Benchmarking Voice Agents Requires More Than a Transcript

The evaluation problem in voice AI has been accumulating debt quietly. We have mature benchmarks for LLM reasoning, code generation, retrieval, and multi-turn dialogue. But a voice agent deployed to rebook a flight or resolve a billing dispute is doing something qualitatively different from a text chatbot, and the tooling for measuring how well it performs that job has not kept pace.

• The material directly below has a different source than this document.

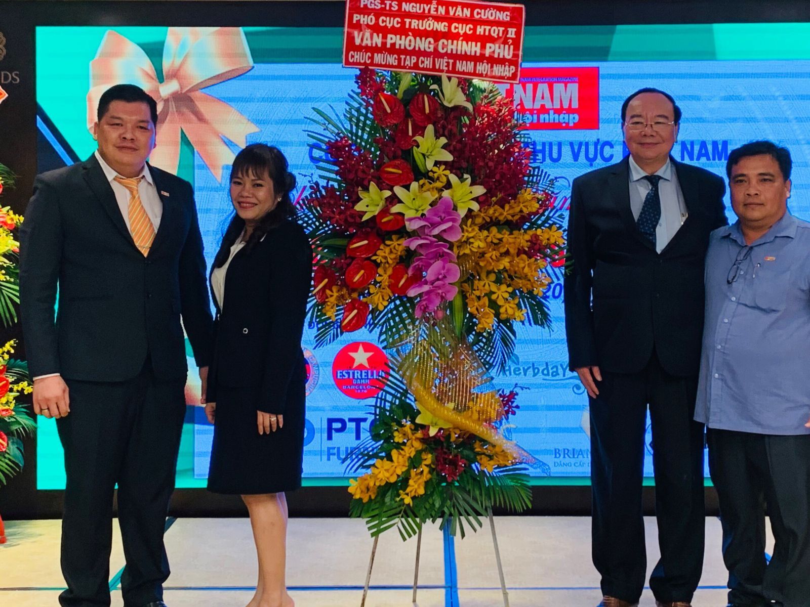 Ông Nguyễn Văn Lập cùng ông Nguyễn Trí Đức - Phó Trưởng Cơ quan Đại diện (Bìa phải) và Bà Nguyễn Hoàng Bảo Châu - Trưởng Ban Kinh tế, thay mặt CQĐD phía Nam nhận hoa chúc mừng từ PGS-TS. Nguyễn Văn Cường – Phó Cục trưởng Cục Hành chính Quản trị II, Văn phòng Chính phủ.

ServiceNow AI Research’s EVA framework is a serious attempt to close that gap. It evaluates conversational voice agents end-to-end, in audio, across both task accuracy and user experience, using a bot-to-bot simulation architecture. The results surface failure modes and tradeoffs that text-level evaluations simply cannot see.

Why Text Benchmarks Fail for Voice

Most existing agent benchmarks operate on text. You feed a model a transcript or a structured task description, it calls tools, you check the tool call sequence and final state against ground truth. This works well enough for pure reasoning tasks, but it collapses several important distinctions when the agent is deployed as a voice system.

A cascaded voice agent runs three sequential components: a speech-to-text model, an LLM for reasoning and tool use, and a text-to-speech model for output. Error compounds at each stage. A flight confirmation code misheard by the ASR model produces a wrong entity in the LLM’s context, which cascades into a failed authentication check, which cascades into a failed task. The LLM never made a reasoning error, but the outcome is identical to one that did. A text-only benchmark would never surface this.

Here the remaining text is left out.